PhD seminar - Mehrdad Jabbarzadeh Gangeh

Monday, April 15, 2013 2:00 pm - 2:00 pm EDT (GMT -04:00)

Candidate

Mehrdad Jabbarzadeh Gangeh

Title

Kernelized Supervised dictionary Learning

Supervisors

Kamel, Mohamed S. and Ghodsi, Ali (Stats)

Abstract

The representation of a signal using a learned dictionary instead of predefined operators, such as wavelets, has led to the state-of-the-art results in various applications such as denoising, texture analysis, and face recognition. The area of dictionary learning is closely associated with sparse representation and this means that the signal is represented using few atoms in the dictionary. Despite of recent advances in the computation of dictionary using fast algorithms such as K-SVD, online learning, and cyclic coordinate descent, which make the computation of dictionary on millions of data samples computationally feasible, the dictionary is mainly computed using unsupervised approaches such as k-means. These approaches learn the dictionary by minimizing the reconstruction error without taking into account the category information, which is not optimal in classification tasks.

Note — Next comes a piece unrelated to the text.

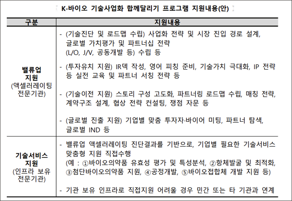 'K-바이오 기술사업화 함께달리기'도 기획했다. 기술개발 전략 수립부터 인프라 활용까지 묶어 지원하는 통합 프로그램이다. 2026년 상반기 기획을 거쳐 2027년 예산 반영을 추진할 계획이다.

In this thesis, we propose a supervised dictionary learning (SDL) approach by incorporating information on class labels into the learning of dictionary. To this end, we propose to learn the dictionary in a space where the dependency between the signals and their corresponding labels is maximized. To maximize this dependency, the recently introduced Hilbert Schmidt independence criterion (HSIC) is used. The learned dictionary is compact and has closed form; the proposed approach is fast. We show that it outperforms other unsupervised and supervised dictionary learning approaches in the literature on real-world data.

Moreover, the proposed SDL approach has this main advantage that it can be easily kernelized by incorporating a kernel, particularly a data-derived kernel such as compression-based kernels, into the formulation. In this thesis, we propose a novel compression-based (dis)similarity measure. The proposed measure utilizes 2D MPEG-1 encoder, which takes into consideration the spatial locality and connectivity of pixels in the images. The proposed formulation has been carefully designed based on MPEG encoder functionality. To this end, by design, it solely uses P-frame coding to find the (dis)similarity among patches/images. We show that the proposed measure works properly on both small and large patch sizes on textures. Experimental results show that by incorporating the proposed measure as a kernel into our SDL, it significantly improves the performance of a supervised pixel-based texture classification on Brodatz and outdoor images compared to other compression-based dissimilarity measures as well as state-of-the-art SDL methods. It also improves the computation speed by about 40% compared to its closest rival.